Abstract: Hello Baby: Implementing and Adapting a Prevention Initiative (Society for Social Work and Research 30th Annual Conference Anniversary)

Hello Baby: Implementing and Adapting a Prevention Initiative

Schedule:
Thursday, January 15, 2026
Independence BR B, ML 4 (Marriott Marquis Washington DC)
* noted as presenting author
Bridgette Lery, PhD, Senior Fellow, Urban Institute, Washington, DC
Sarah Benatar, PhD, Senior Fellow, Urban Institute, Washington, DC
Background & Purpose: Infants spend more of their childhood being raised by someone other than their parents than children of any other age group. The Allegheny County Department of Human Services (Pittsburgh, PA) has reimagined the services targeting this very high-risk population. Using research evidence to better shape how services are presented to families with newborns, Hello Baby uses broad scale risk assessment to connect new parents with a system of supports. While the initiative is universal, the risk assessment differentiates families by tier, offering voluntary services commensurate with their risk of foster care placement (i.e., Priority, Family Support, and Universal tiers). The aim is to reduce maltreatment investigations, substantiated investigations, and placements. The adaptive implementation study seeks to establish whether and to what extent programmatic additions and changes occurred at a level compatible with having a countywide effect on the outcomes.

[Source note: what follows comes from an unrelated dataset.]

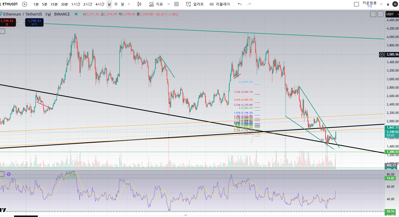 솔라나도 주요 저항구간 다왔고.. 이거 뚫고 올라타면 내린 하락이 한번 끝났다고 보고, 다시 해당 선에 도달할 때 매수하면 c파 먹을 수 있을 것 같습니다. 근데 아직 못뚫었죠.. 못뚫으면 50달러까지도 보이네요.

Methods: The implementation evaluation employs quantitative and qualitative measures of what the County put in place organized around the process, quality, capacity, and outcomes framework. Process speaks to what Hello Baby actors did, quality refers to whether work of actors was done well, and capacity refers to whether Hello Baby was substantial enough programmatically to have what might be called a plausible causal effect. For the qualitative component, we conducted interviews with 81 key informants and focus groups with 40 parents between 2020 and 2024. The quantitative data consist of encounter data (i.e., outreach, enrollment, and engagement) chronologically sequenced to measure Hello Baby’s reach in terms of outreach, enrollment, and engagement among all families with babies born since Hello Baby launched in 2020.

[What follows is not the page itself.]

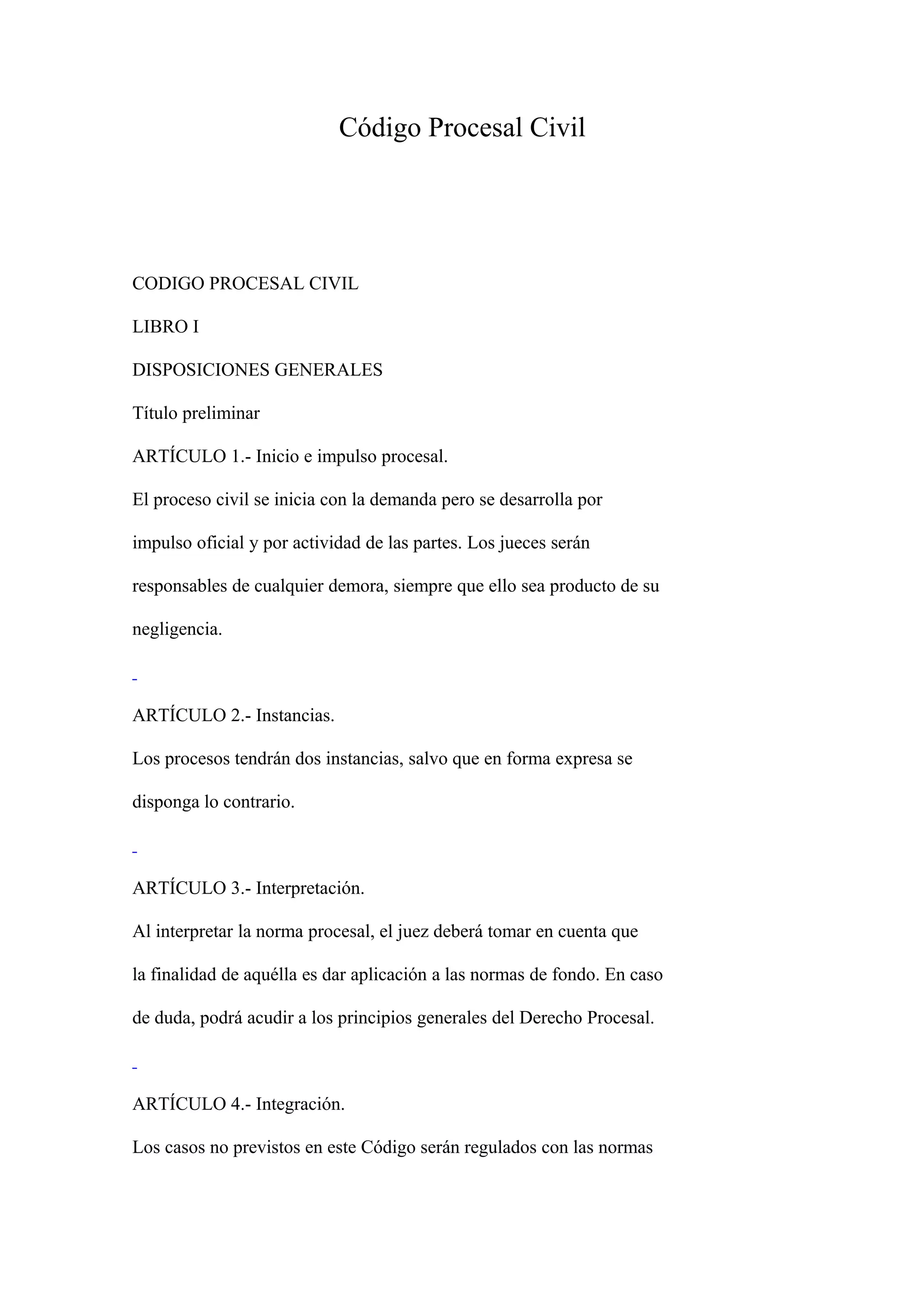 1) El documento presenta el Código Procesal Civil, el cual regula el proceso judicial civil en un país. 2) Establece disposiciones generales como las instancias, interpretación de normas procesales y observancia de las mismas. 3) También regula aspectos como jurisdicción, competencia por materia y cuantía, cálculo de la cuantía de las demandas y desacuerdos sobre la misma.

Results: By 2023, 79% of Priority tier families and 66% of Family Support tier families were successfully contacted by Hello Baby outreach staff. To accomplish this, the County fortified the outreach process in ways that have proved successful in both increasing the number of families reached and decreasing the time it takes to reach them. A large share of families (41% in the Priority tier, 22% in the Family Support tier) reached decided to enroll in Hello Baby by 2023, exceeding the County’s goal of enrolling 30% of Priority tier families. A substantial subset of enrolled families (36% in the Priority tier, 30% in the Family Support tier) engage further, using services related primarily to case management and accessing concrete supports for basic needs. Hello Baby had additional success engaging Priority tier families in clinical relationships.

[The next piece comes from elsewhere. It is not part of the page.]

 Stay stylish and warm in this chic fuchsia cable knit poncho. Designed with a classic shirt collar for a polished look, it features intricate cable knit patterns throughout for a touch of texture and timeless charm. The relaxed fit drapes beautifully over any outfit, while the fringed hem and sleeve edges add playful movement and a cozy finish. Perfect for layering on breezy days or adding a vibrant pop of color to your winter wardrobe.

Conclusions & Implications: The hypothesis for any initiative is that the prescribed changes will lead to changes in outcomes. The Hello Baby outcome study demonstrates significant reductions in child protective services involvement, but if implementation is weak, then positive outcomes have no teeth – how are administrators to maintain or scale the success without an implementation roadmap? In this case, we have strong and precise evidence of robust implementation after a period of process adaptations and capacity investments. Taken together, the two sides of the evaluation contribute to the broader discussion of evidence use and the connection to outcomes.